What should I know about over-the-counter medications?
My child has diarrhea, what should I do?
When should my children be immunized? What immunizations should they get?
How do I get my prescription refilled?
Can I get an antibiotic prescribed over the phone without being seen first?
What should I know about teething?
When do my child’s teeth come in?
Over-the-counter (OTC) medications are medications that can be bought without a doctor’s order. Many OTC medications can be very dangerous to your child if taken incorrectly. We recommend that all parents read about common OTC’s on the American Academy of Pediatrics web site.
Diarrhea can last from 2 days to 2 weeks. The intestine is a sponge that absorbs nutrients and the stool normally comes out formed. With diarrhea, the intestine looses it’s mucosa (sponge) and becomes a slide. Most nutrients go out without being absorbed. Diarrhea usually carries intestinal acids causing diaper rash around the anus.
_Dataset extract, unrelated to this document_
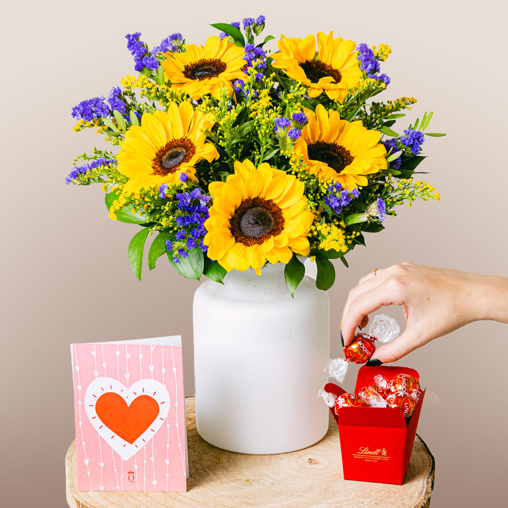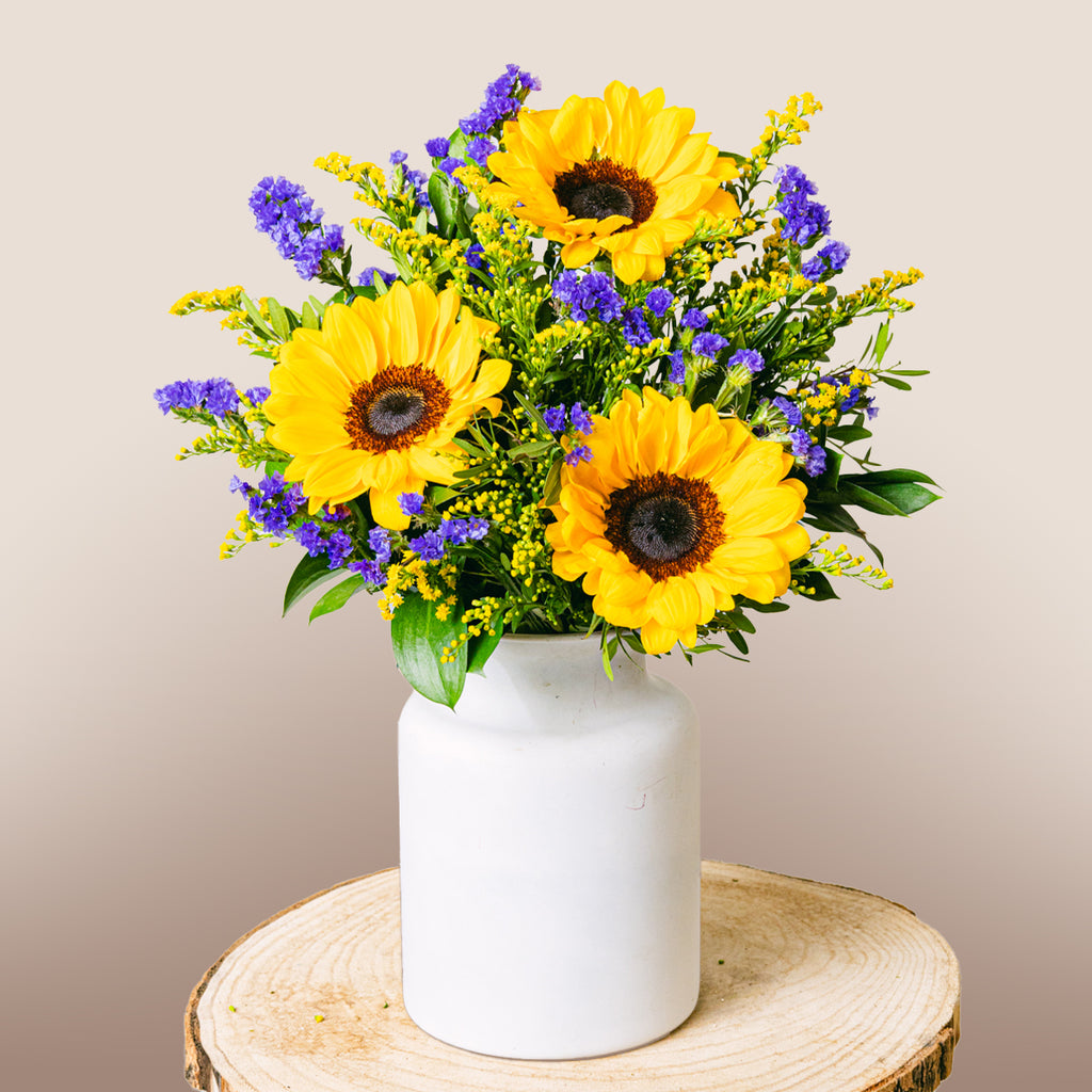 Mit dem Glanz sonniger Sonnenblumen und der kühlen Frische von Strandflieder haben wir eine bezaubernde Mischung aus purem Glück geschaffen. Die Sonnenblumen erhellen jeden Raum und sind ein unvergessliches Geschenk für einen besonderen Menschen, der Ihren Tag mit nur einer Nachricht sofort verschönern kann. Es ist die beste Art, „Danke“ zu sagen und sie mit Sommerfreude strahlen zu lassen.
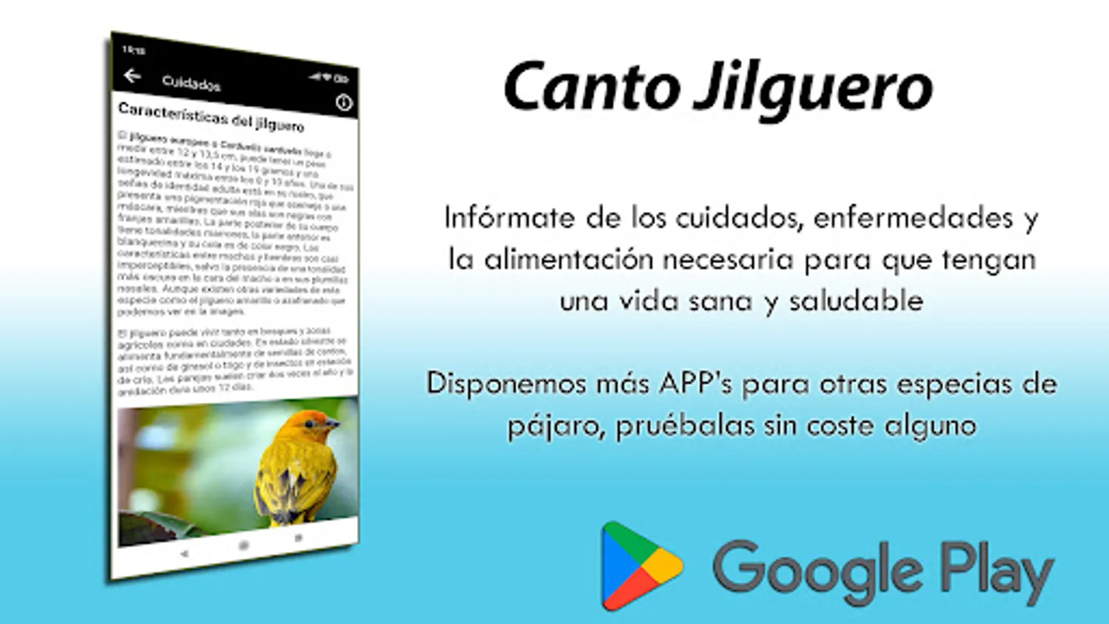 In this app you will find more than 1 hour of the song of this magnificent bird and information on how to care for it and keep your bird healthy.

Most uncomplicated cases go away on their own without treatment, except extra fluids to prevent dehydration. Testing for the specific cause of diarrhea is usually not necessary unless there are bloody stools or you have traveled to areas or ingested food where bacterial diarrheas and parasites are common. Antidiarrheal medications should usually be avoided in children. If the diarrhea persists or profuse, comes with vomiting, or for more than two weeks, or has blood or mucus in it, then your child should see the doctor. Also see the doctor if diarrhea is accompanied by high fever. For more information on diarrhea visit the KidsHealth web page. Give your infant or child Pedialyte for the first 12 hours and then you can offer a lactose-free milk or soy milk.
We have a vaccine schedule available online that covers birth to age 18. Click here to go to our vaccine page.
You should begin by calling your pharmacy. The pharmacy will contact our office for the necessary authorization. You should allow 48 hours for prescription refill requests.
No. We do not believe it is in the best interest of either the patient or the doctor’s office to prescribe medications over the telephone without first being examined by a physician for nature of the illness.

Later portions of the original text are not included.